▶ _WHAT IS REQUIRED_: Every line below from the one with "全国生猪均价(外三元)为32" through the one with "A classic oven-roasted" should be retyped exactly, both ends included; no other lines and no pictures.

▶ _SOURCE MATERIAL_:
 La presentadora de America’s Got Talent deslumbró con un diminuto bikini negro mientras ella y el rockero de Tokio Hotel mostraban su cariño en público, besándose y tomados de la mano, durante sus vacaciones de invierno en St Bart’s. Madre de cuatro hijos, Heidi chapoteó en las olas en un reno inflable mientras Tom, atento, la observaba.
==
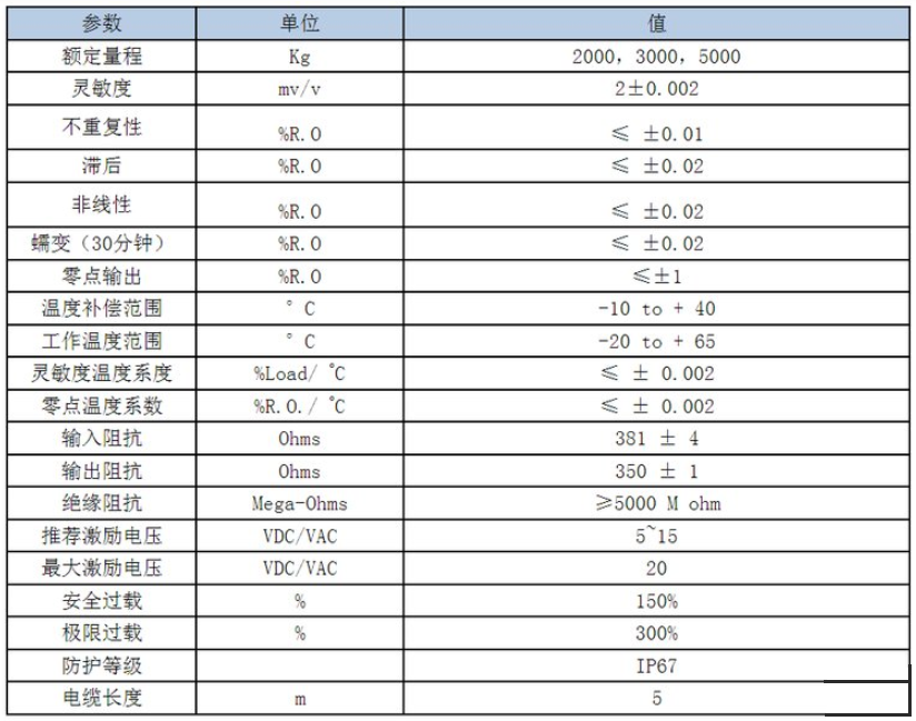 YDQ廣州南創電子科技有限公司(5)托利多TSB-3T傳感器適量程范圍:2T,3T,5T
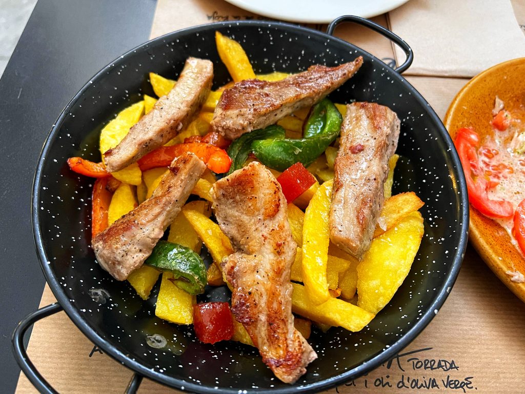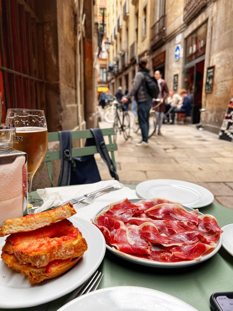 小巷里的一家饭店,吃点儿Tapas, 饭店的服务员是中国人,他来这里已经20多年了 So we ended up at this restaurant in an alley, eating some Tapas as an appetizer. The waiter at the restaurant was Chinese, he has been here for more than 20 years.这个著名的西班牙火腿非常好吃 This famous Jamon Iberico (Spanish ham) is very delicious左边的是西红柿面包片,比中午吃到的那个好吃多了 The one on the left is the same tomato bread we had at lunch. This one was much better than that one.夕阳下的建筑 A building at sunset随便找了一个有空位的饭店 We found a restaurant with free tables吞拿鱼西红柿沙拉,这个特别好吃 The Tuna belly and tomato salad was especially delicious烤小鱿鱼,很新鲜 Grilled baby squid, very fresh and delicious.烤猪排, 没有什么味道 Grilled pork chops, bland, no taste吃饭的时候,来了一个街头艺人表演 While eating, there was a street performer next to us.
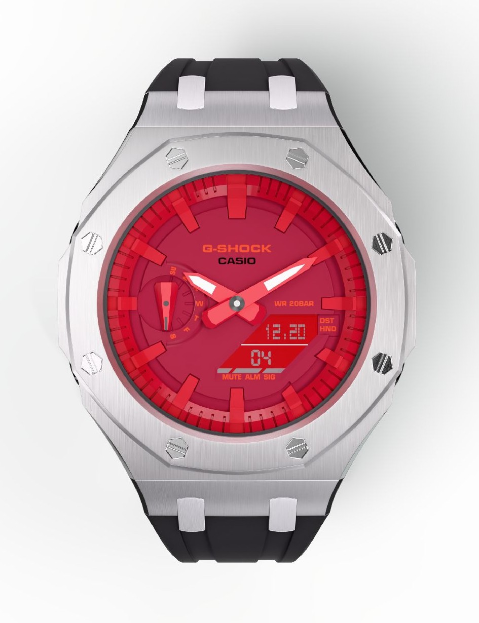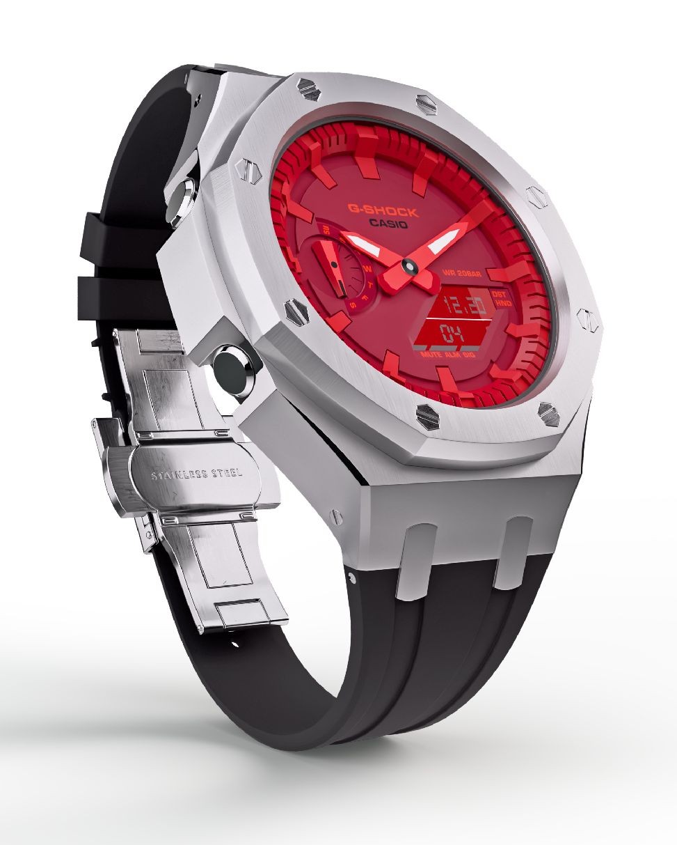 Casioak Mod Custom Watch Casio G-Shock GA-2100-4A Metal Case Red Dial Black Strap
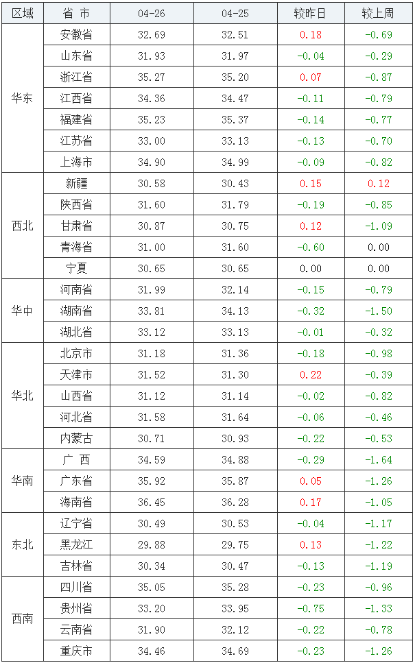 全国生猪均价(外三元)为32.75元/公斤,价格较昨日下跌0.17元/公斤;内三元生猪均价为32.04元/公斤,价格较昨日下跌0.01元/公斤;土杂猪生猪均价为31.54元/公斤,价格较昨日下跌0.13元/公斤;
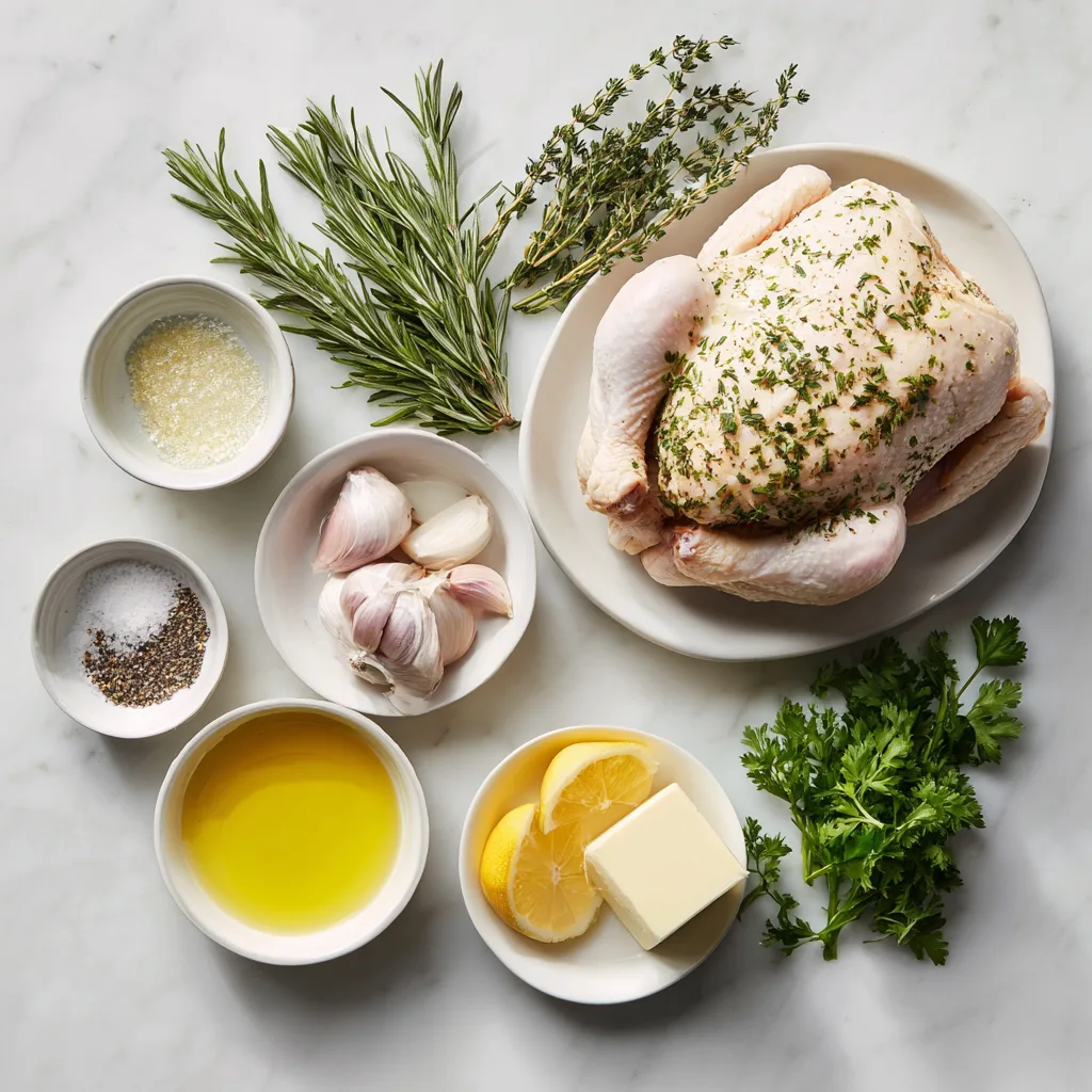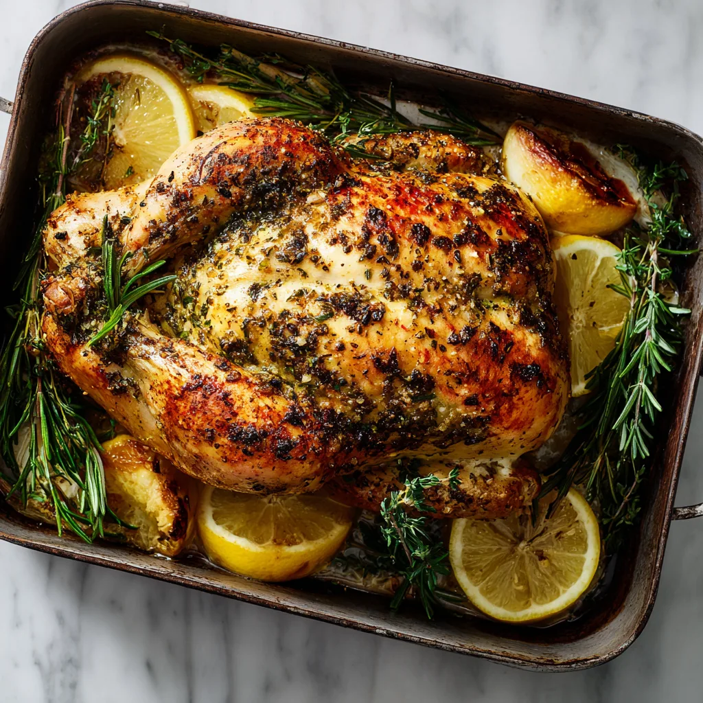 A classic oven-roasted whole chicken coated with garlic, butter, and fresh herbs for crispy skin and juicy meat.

▶ _SOLVED EXERCISE_:
 全国生猪均价(外三元)为32.75元/公斤,价格较昨日下跌0.17元/公斤;内三元生猪均价为32.04元/公斤,价格较昨日下跌0.01元/公斤;土杂猪生猪均价为31.54元/公斤,价格较昨日下跌0.13元/公斤;
 A classic oven-roasted whole chicken coated with garlic, butter, and fresh herbs for crispy skin and juicy meat.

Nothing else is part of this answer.